The forecast for the Rockets was clear and sunny before the season, but some pretty bad-looking clouds formed when Lucas left the team in December after having had a drug relapse.
Hollins moved into the lineup ahead of Lucas, who last month returned to the backcourt, a Rocket problem that improved overnight. Fitch still considers the Rocket guard play his chief worry, ranking slightly ahead of the team's season-long ability to throw the ball away at the very worst time.
"We're not doing it every night, just every three nights," McCray said. "But that's too many. In fourth-quarter time, a team like the Lakers know what to do. We're still trying to find out."
Even though Fitch does not have them playing a wide-open, fast-break game like the Lakers, the Rockets have committed more turnovers than the Lakers. Sampson has more turnovers than Johnson, who handles the ball a lot more for the Lakers than Sampson does for the Rockets.
But if the Rockets don't match up well with the Lakers in the backcourt, it's different up front. Sampson, at 7-4, towers over Kurt Rambis, his 6-8 Laker matchup.
Rebounding may be a big problem for the Lakers. Olajuwon has outrebounded Kareem Abdul-Jabbar by nearly 300 this season, and Sampson has nearly 200 more rebounds than Abdul-Jabbar, the Laker leader.

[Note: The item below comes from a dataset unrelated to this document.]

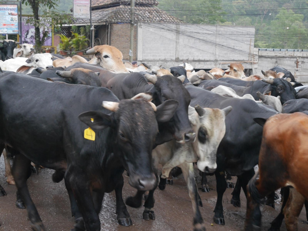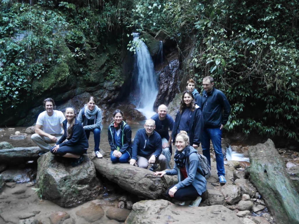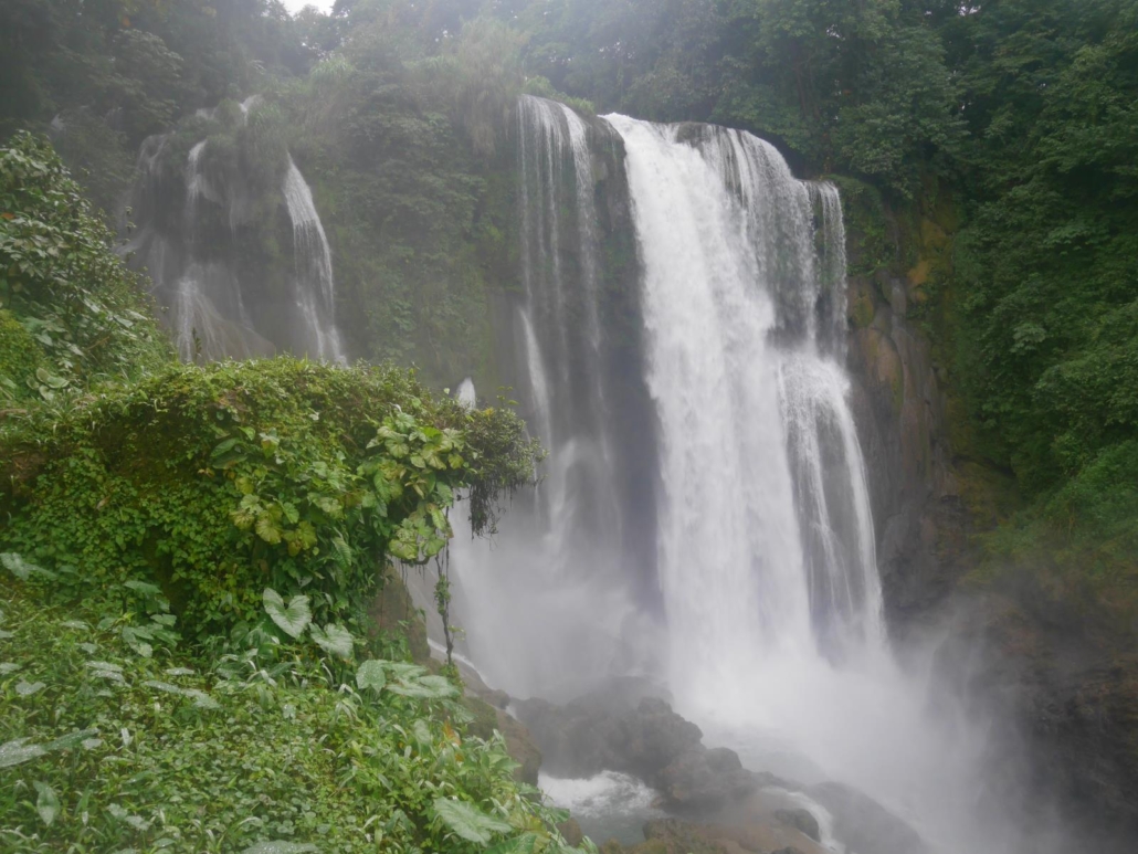 Am nächsten Morgen brechen wir nach einem kurzen Marktbesuch Richtung Nationalpark Azul Meambar auf. Beim Verlassen von Copán testen wir unfreiwillig nochmal die Bremsen unseres treuen Busses, denn die Stadt ist wie oben schon erwähnt extrem hügelig und als wir eine stark abfallende Straße herunterkriechen, bin ich mir sicher, dass der eine oder andere beim Blick aus dem Frontfenster hinab in die Straßenschlucht die Finger überkreuzt hat. Ein bisschen Abenteuer gehört aber natürlich mit dazu und ist im Preis mit inbegriffen. Unsere Fahrt zum Nationalpark ist dann wieder eine Sightseeing-Tour durch die Natur und das Leben von Honduras. Eigentlich passiert draußen immer etwas, wie zum Beispiel als uns eine kapitale Kuhherde die Straße blockiert. Flankiert von reitenden Cowboys mit angeschnallten Mantaletten, finden die erstaunlich leichtfüßigen Kühe dann aber doch den Weg um unseren Bus herum. Ansonsten sieht man Palmen, Bäume, Sträucher, meterhohe Zuckerrohrpflanzen, Ananas- oder Bananenplantagen soweit das Auge reicht. Dazu streunen Esel, Schweine, Rinder und Pferde am Straßenrand herum. Man kann sich kaum satt sehen an den vielen Pflanzen und Tieren – zumindestens geht es mir so. Um sich zwischendurch ein bisschen die Beine zu vertreten, machen wir Station am größten Wasserfall des Landes, nämlich dem Pulhapanzak, der immerhin eine Wasserfallhöhe von 43 Metern aufweist. Die Aussicht alleine ist schon spektakulär, aber das Highlight ist sicherlich die Möglichkeit, an Drahtseilen über den Wasserfall zu sausen. Canopy nennt sich der Spaß und ist wirklich eine faszinierende Angelegenheit. In 12 Stationen rutscht man gut gesichert und frei schwebend im zickzack über den Fluss und zum großen Finale dann auch wirklich über die Kaskade des Wasserfalls. Schon alleine das Zuschauen ist aufregend. Zu unserer Lodge im Nationalpark müssen wir noch ein paar Höhenmeter überwinden bzw. quält sich unser Bus die Steigungen der Gebirgsstraße hinauf. Als wir oben ankommen, sieht aber jeder sofort, dass sich die Fahrt gelohnt hat, denn wir befinden uns mitten im vollkommenen Grün. Unsere Lodge liegt wunderschön an einem Hang mit sensationeller Aussicht über ein weites Tal und verfügt über einige Bungalows mit geräumigen Zimmern und großzügigem Balkon. Schnell einigen wir uns auf einen erfrischend frühen Termin für den nächsten Morgen, um bei der Wanderung vor dem Frühstück möglichst viel zu sehen. Um 5.45 Uhr startet unsere Tour durch den Dschungel des Nationalparks Azul Meambar und wir sind uns danach eigentlich alle einig, dass man hier sicherlich noch sehr viel mehr Zeit hätte verbringen können. An einem kleinen Wasserfall im Nationalpark wollen wir schließlich ein schönes Gruppenfoto machen und hier zeigt sich zum ersten Mal eine Schwäche von Saúl, denn Fotos machen kann er leider nicht. So ist unser ambitioniertes Bild vor dem Wasserfall leider stark verwackelt, aber man kann wohl nicht alles haben.

Fitch, however, believes that Rocket rebounding would not be overpowering in a seven-game playoff with the Lakers.
"They've got a 37-year-old superstar at center," Fitch said. "He can't be expected to grind it out, rebound and bang 82 times a year. If he did, he wouldn't be human. And if he did, he wouldn't be around all 82 games either."
To make his team more complete, Fitch yearns for a game-breaking offensive player along the lines of Chicago's Quintin Dailey, something he says the Rockets lack and clearly need.
"A guy who would rather shoot than eat," said Fitch, describing the game-breaker of his dreams.
So the Rockets close their eyes with this vision in their head. They can look down the road somewhere to the day when they meet the Lakers in the conference finals and take them out. For now, the Rockets are more a dream, and the Lakers represent reality.
Maybe it will happen for the Rockets this season. But isn't that actually a bit unrealistic?
"Probably," Fitch said. "We're growing, but they've been in the finals so often. That experience in playoffs, there's no way you can practice that."